Eighteen months later, Fred Martin, a Remington field-service specialist, urged officials to make changes in newly manufactured rifles. His estimated cost: 32 a gun. "I feel we should not pass up this opportunity to improve our fire control," Martin wrote in a 1981 internal memo that was first used as evidence against Remington in the Collins case.
TRIGGER COMPLACENT. Remington did make one modification in 1982: The company eliminated the bolt lock, which had required the shooter to take the safety off to load and unload the rifle. But Remington says the change wasn't for safety's sake. "The removal of the bolt lock in 1982 was due to customer preference. This was not at all related to a safety issue," says Soucy. Still, the adjustment decreased reports of accidents.
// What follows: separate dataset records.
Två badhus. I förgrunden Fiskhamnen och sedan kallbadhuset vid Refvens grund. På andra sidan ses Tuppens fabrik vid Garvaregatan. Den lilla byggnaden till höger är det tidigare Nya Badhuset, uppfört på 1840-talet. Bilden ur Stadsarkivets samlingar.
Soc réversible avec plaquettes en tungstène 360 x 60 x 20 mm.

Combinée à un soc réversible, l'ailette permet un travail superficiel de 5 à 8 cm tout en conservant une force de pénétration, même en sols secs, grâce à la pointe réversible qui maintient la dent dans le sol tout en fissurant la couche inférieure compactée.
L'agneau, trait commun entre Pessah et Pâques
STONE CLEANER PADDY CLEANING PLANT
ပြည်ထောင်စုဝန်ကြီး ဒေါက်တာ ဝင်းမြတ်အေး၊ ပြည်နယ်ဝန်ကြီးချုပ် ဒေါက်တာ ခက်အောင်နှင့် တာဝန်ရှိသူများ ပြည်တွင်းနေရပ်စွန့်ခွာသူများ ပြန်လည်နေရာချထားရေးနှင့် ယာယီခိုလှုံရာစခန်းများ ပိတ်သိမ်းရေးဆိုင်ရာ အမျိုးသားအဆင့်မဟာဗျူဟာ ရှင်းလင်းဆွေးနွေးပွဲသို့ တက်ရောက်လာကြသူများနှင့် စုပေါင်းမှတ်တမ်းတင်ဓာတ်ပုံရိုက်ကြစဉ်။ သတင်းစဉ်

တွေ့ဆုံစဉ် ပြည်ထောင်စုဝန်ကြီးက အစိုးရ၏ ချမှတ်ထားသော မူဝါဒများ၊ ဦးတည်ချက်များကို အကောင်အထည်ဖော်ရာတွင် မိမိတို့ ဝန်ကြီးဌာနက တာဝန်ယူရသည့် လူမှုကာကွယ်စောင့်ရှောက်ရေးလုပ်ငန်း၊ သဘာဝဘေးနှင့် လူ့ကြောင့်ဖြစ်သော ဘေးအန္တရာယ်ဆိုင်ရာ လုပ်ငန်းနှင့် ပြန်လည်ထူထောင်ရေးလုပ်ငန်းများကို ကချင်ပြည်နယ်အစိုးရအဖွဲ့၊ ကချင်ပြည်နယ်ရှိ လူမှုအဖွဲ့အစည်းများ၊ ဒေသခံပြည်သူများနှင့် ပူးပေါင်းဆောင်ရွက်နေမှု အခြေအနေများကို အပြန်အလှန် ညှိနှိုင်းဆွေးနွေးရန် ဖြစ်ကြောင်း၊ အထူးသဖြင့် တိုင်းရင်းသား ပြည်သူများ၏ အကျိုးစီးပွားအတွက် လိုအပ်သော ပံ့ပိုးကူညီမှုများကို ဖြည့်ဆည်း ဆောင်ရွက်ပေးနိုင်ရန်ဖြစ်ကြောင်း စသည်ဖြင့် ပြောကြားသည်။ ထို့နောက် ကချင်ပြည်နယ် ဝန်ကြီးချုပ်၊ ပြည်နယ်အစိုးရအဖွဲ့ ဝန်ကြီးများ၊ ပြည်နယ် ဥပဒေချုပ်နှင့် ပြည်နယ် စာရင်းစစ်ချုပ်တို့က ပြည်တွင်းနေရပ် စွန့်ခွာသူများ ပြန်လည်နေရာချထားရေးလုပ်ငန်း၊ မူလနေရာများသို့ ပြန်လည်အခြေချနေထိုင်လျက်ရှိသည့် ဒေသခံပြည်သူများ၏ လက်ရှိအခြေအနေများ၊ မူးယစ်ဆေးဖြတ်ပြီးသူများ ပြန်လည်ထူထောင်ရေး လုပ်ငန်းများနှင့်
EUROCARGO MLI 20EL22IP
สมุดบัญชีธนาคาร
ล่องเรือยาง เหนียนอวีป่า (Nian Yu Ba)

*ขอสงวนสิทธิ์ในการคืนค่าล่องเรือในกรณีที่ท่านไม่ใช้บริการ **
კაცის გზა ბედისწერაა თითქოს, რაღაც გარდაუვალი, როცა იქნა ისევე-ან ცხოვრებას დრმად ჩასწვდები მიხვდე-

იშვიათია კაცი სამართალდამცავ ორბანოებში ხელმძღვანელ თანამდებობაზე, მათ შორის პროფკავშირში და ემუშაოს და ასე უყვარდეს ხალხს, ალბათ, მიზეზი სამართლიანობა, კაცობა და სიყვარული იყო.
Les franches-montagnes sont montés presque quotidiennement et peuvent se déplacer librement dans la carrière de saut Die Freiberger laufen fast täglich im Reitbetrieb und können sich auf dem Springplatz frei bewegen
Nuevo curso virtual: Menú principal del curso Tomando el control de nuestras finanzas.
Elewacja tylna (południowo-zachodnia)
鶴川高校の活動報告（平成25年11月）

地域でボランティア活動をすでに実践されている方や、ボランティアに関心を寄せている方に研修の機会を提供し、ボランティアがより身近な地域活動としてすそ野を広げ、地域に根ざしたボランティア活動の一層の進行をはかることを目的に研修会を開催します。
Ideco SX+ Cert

Remington did not address what some experts say is the gun's most serious defect: an unreliable trigger connector. They say this causes the rifle to fire when the safety is released or when the bolt is opened or closed. "No other manufacturer utilizes a resiliently mounted trigger connector of this type," says Tom Butters, a gun expert in Houston who has testified against Remington. "Other trigger designs are much less likely to be involved in a malfunction."
Remington disputes Butters' assessment and says its trigger design is entirely safe and one of the most attractive features of the Model 700. "The Model 700 is one of the real pillars of this design," says Soucy. "The trigger is light in pull. You can check with most gun writers and find that this feature makes the gun one of the most desirable."
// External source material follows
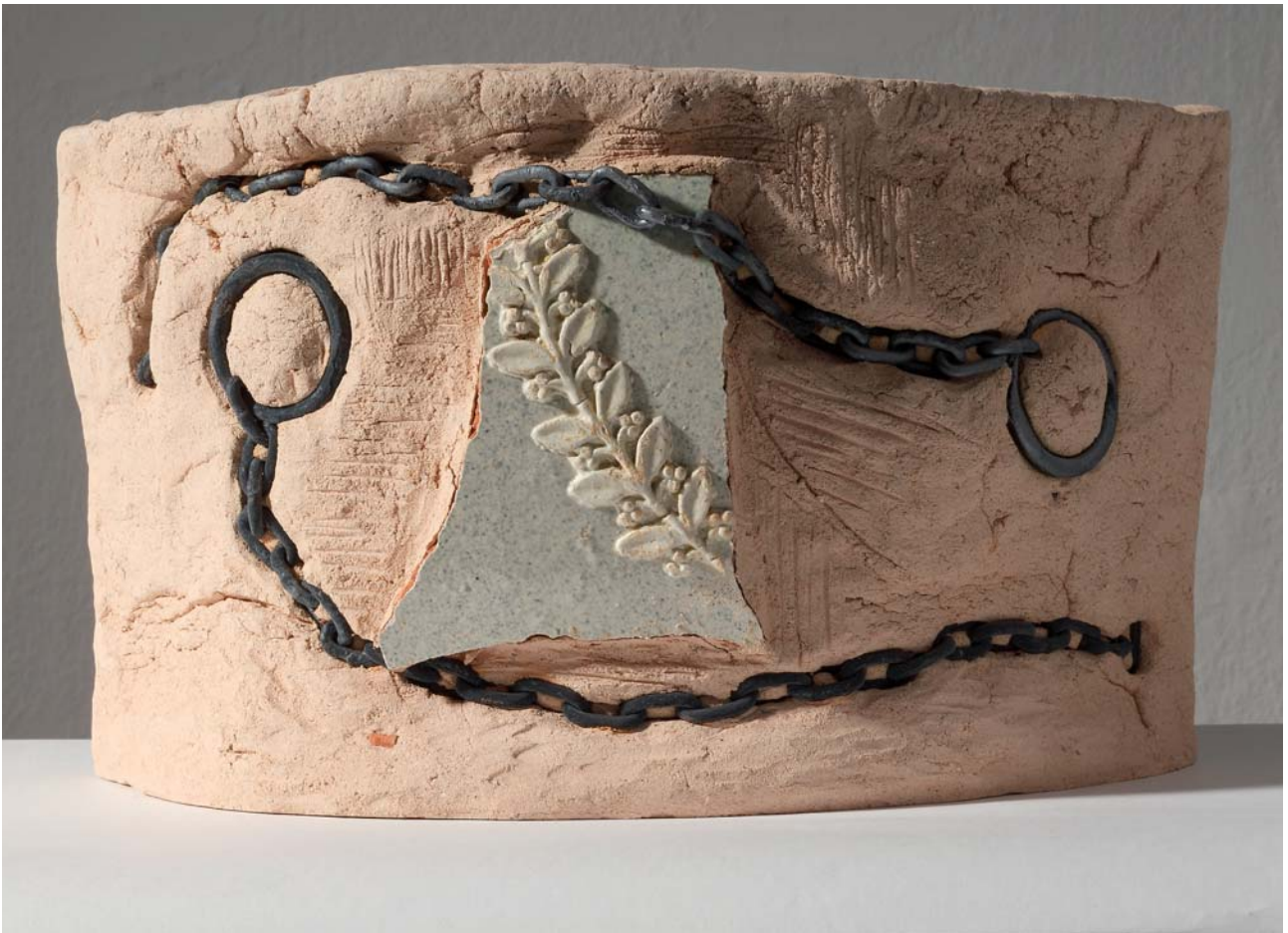
9. 1-15 ZIDOVI SJEĆANJA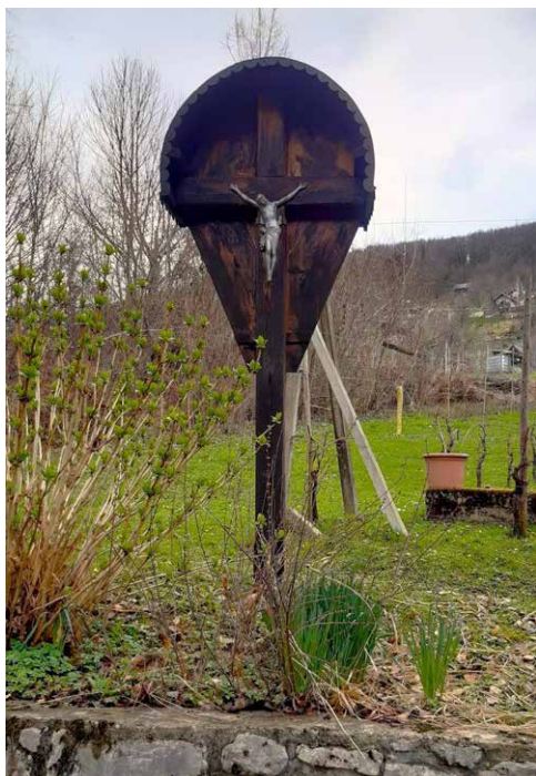
Šibčev ali Okleščenov križ stoji ob poti, ki vodi iz gozda do vznožja vinogradov na Ljubnu. Stoji poleg vikenda in vinograda katerega lastniki so Okleščeni.

Firearms are one of the few consumer products for which regulators do not have authority to set design and safety standards--even though guns cause more accidental deaths than any other consumer product. Firearms accounted for 1,416 such fatalities in 1990, according to the National Safety Council, a nonprofit group in Itasca, Ill. By contrast, deaths from all other sports equipment or recreational activities totaled 1,220, according to the Consumer Product Safety Commission.
Gun manufacturers and the National Rifle Assn. are opposed to current efforts toward tighter regulation. But consumer activists hope the public's growing concern over guns will compel lawmakers to adopt stricter standards. For now, consumers' only recourse is a legal one--and it looks like they plan to use it.